Pierwszy klub Roberta Lewandowskiego przetrwał pandemię

- Jesteśmy cały czas w kontakcie z Robertem Lewandowskim. Zawsze możemy liczyć na jego wsparcie. Nigdy się nie wypierał tego, że jest wychowankiem Varsovii - mówi Robert Podoliński, dyrektor akademii UKS Varsovia.

Maciej Siemiątkowski
Maciej Siemiątkowski
Robert Lewandowski PAP/EPA / Alexander Hassenstein / Na zdjęciu: Robert Lewandowski
To prawdziwa wizytówka akademii UKS Varsovii Warszawa. Przez blisko osiem lat Robert Lewandowski zbierał tam piłkarskie szlify i strzelał pierwsze gole. W Varsovii "Bobka" pokochali wszyscy. Za charakter, skuteczność i wygrywanie meczów.

"W kontakcie z Robertem"

Choć Lewandowski grał później w Delcie Warszawa, Legii i Lechu, nigdy nie zapomniał o swojej pierwszej drużynie. W przerwie na zgrupowaniach reprezentacji Polski przyjeżdżał na Muranów i spotykał się z młodymi piłkarzami. Rok temu podczas ostatniej wizyty zastanawiał się, czy nie znajdzie tam swojego następcy. Kapitan Biało-Czerwonych i lider Bayernu Monachium nadal monitoruje sytuację w swoim mateczniku. Nawet podczas pandemii, która mocno dotknęła szczególnie szkółki piłkarskie.

O ogromnym wyzwaniu, jakim stał się dla nich koronawirus, mówił nam ponad dwa miesiące temu Wiesław Wilczyński, prezes FCB Escoli Varsovia. - Sport dzieci to bardzo wrażliwa branża i boleśnie odczuwa sytuację związaną z pandemią koronawirusa. Akademie piłkarskie nie są tak silne jak chociażby uczelnie i nie mogą radykalnie egzekwować środków finansowych od rodziców. A pierwszą rzeczą, jaką skreśla się w budżetach rodzinnych w tej chwili są właśnie zajęcia piłkarskie - tłumaczył (więcej TUTAJ).

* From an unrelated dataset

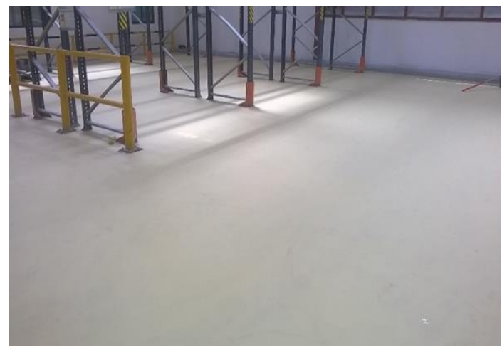
Our reference Lagos (Nigeria): Friesland Campina, Lagos

ZOBACZ WIDEO: Piłka nożna. Grzegorz Krychowiak: Jeżdżę na trening z uśmiechem na twarzy

Suchą stopą z pandemii wyszła za to UKS Varsovia, w której szkolił się Lewandowski. - Jesteśmy cały czas w kontakcie z Robertem - zdradza Robert Podoliński, dyrektor akademii Varsovii. - Zawsze możemy liczyć na jego wsparcie. Nigdy się nie wypierał, że jest wychowankiem Varsovii. Jeszcze przed wybuchem pandemii byliśmy na jego meczu w Monachium. Ostatnio miał wiele spraw na głowie, włącznie z narodzinami dziecka, ale nie zapomina o nas. Zresztą pewnie zdaje sobie sprawę, że nieźle sobie radzimy i nie musi się mocno martwić o sytuację tutaj - dodaje trener.

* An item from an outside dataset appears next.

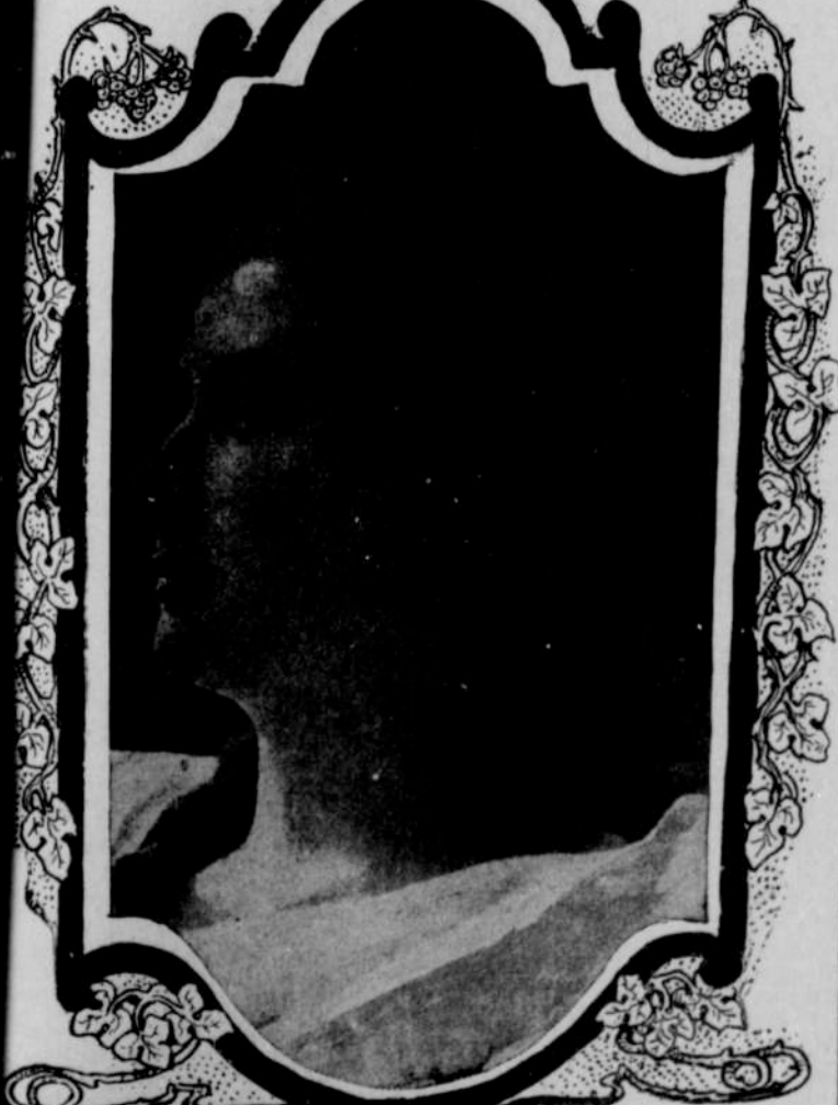
MADAME EMMA EAMES. A Popular Favorite of Grand Opera.

The homer pigeon, when traveling, seldom feeds, and if the distance to its home be long it arrives thin, exhausted, and almost dying. If corn be presented to it, it refuses to eat, contenting itself with drinking a little water, and then sleeping. Two or three hours later it begins to eat with great moderation, and sleeps again immediately afterwards. If its flight has been very prolonged the pigeon will proceed in this manner for forty-eight hours before recovering its normal mode of feeding.

Akademia była w stanie nadal opłacać trenerów, którzy podczas przerwy prowadzili zajęcia online. Potrzebna była obniżka składek, ale nie było masowych odejść ze szkółki.

- Nie musieliśmy szukać dodatkowych środków i funduszy. Na szczęście przerwa szybko się skończyła, nie było ryzyka, że szkoła upadnie - mówi Damian Miecznikowski, prezes Varsovii.

Czipsy i cola

Akademia nadal zastanawia się, jak zorganizować letnie obozy. Trenerzy podkreślają, że są szczególnie ważne pod względem szkoleniowym. W krótkim czasie można przeprowadzić dużo treningów i przygotować piłkarzy do nowego sezonu. - Cały czas trzymamy rękę na pulsie. Obserwujemy obostrzenia w hotelach. Najważniejsze jest zdrowie dziecka i komfort psychiczny rodziców - tłumaczy Podoliński

- W skali 1-10 zawodnikom brakowało piłki na poziomie 82. U trenerów podobnie - dodaje.

W Varsovii liczą, że jesienią do gry wrócą rozgrywki młodzieżowe. Młodzi piłkarze czekają na to, aż znowu będą mogli zmierzyć się z sąsiadem zza miedzy lub rywalem z innej miejscowości.

Wśród zawodników Varsovii nie wykryto zakażenia koronawirusem. Trenerzy są w stałym kontakcie z młodzieżą. - Nie dostawaliśmy takich sygnałów. Nie było u nas trzęsienia ziemi, wszyscy są zdrowi - mówi dyrektor akademii i uśmiecha się: - Mam wrażenie, że nic strasznego oprócz większego spożycia czipsów i coli nie spotkało naszych piłkarzy.